Diary Entry Begins Here:

Mission #3
Destination aircraft plant in, Tokyo
Pilot - Lt. McNamer ( my own crew)
Ship #7
My position - Radar Operator (used radar For 12 1/2 hours)


McNamer's Crew

Take off - 7:50 a.m.
Over Target - 13:45
Altitude - 30,0000
Flak - heaviest yet
Fighter opposition very heavy, between 50 and 100 fighters. Came in thru our formation and threw lots of 20's. Unestimated number shot down. Target very clear. Forty- minute running fight.


Jack L. Heffner

Strength - about 70 B-29's
Losses - 1 B-29 (881st lead ship with Col. King and Major Goldsworthy)
Returned to Base - 10:30 (Overdue, no gas left, crash landing)
Total time - 14 hours - 45 minutes

Comments - right before hitting target we got a hit that lowered our landing gears, everybody thought we were going to bail out. About 50 fighters took turns on us as we dropped behind the formation. The last they saw of us (our formation), we were still over target with gears down. Major Goldsworthy's plane was then hit, and most of the fighters took after him. It went down with two engines blazing and was later reported as crashing in Tokyo and burning, no one getting out. We lost our squad leader and our Group Commander (Two cols. on ship- Bruggie and Schroeder). S/ Sgt Welles was Radar operator. We tried to salvo our bombs and couldn't. The landing gears came back up and the doors stayed open.

Fighters clung to us and sent 20's thru our tail, making huge holes and knocking out the tail guns. Another tore a huge hole in the side of the fuselage, back of the Radar compartment, and shot up a lot of control cables. One also nipped off part of the rudder. We finally got our bombs off, the gunners still blazing at fighters as we were far behind the formation, Mac, pouring on all the coal we had, pulled away from the fighters and we headed home. Due to many things, we were very low on the petrol and ditching in the Pacific was predicted. We prepared for, it by throwing out everything that was loose, then sat back to sweat. By some miracle we landed a bearing on Saipan, radar being out, Engineer saying, "Not enough gas". We finally reached the runway, using the B-24 strip as the pilot expected a crash landing, due to our landing gears gone whacky. We did! Right in on the nose, the nose gears coming up thru, and the doors still stuck.
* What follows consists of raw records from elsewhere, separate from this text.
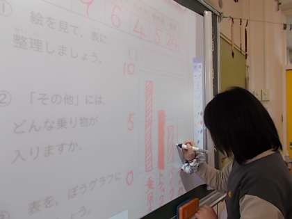 データを「正の字」を使って集計したり、表やグラフに表したりしました。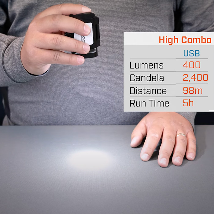 ☼ combo high – 400 lumens, 5 hours, 98m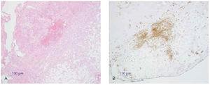 Fig. 16.--A: dermatofibrosarcoma protuberans (tinción con hematoxilina-eosina). B: inmunohistoquímica con CD34.
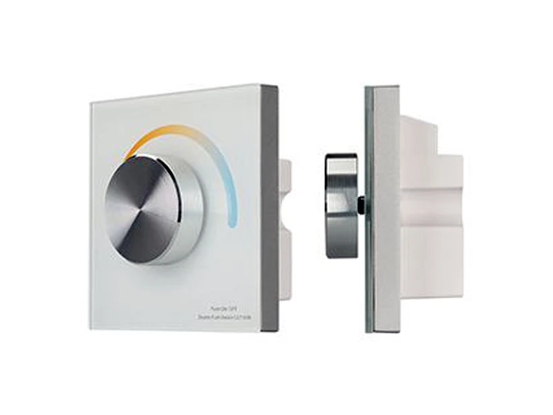 Встраиваемая роторная стеклянная панель 2.4 ГГц, цвет белый. Для управления MIX (CCT) источниками света (ШИМ). Управление цветовой температурой с помощью ротороного вращателя. Работает в режиме master/slave и может выполнять функцию независимого контроллера. Питание/рабочее напряжение 12-24 VDC, максимальный ток 5 A на канал, 2 параллельных канала, максимальная суммарная мощность 120-240 W. Габариты 86 х 86 х 50 мм. Панель совместима с контроллерами серии SMART.

Pictures were taken, and no one was badly hurt. Number 7 was dragged off the runway and as yet (1944), it's status is unknown. Practically everything gone on it, and the props look like pretzels. To the fast accumulating B-29 graveyard, I guess. The 881st has now lost 4 out of 10. Mac was congratulated by our CO on his crash landing. He's tops for a pilot and we'll ride with him anywhere. (Maybe)

PS Those double shots hit the spot exceedingly well for some reason tonight.

Comment - Col. King and Maj Goldsworthy survived and spent the duration of the war as prisoners of war in Tokyo.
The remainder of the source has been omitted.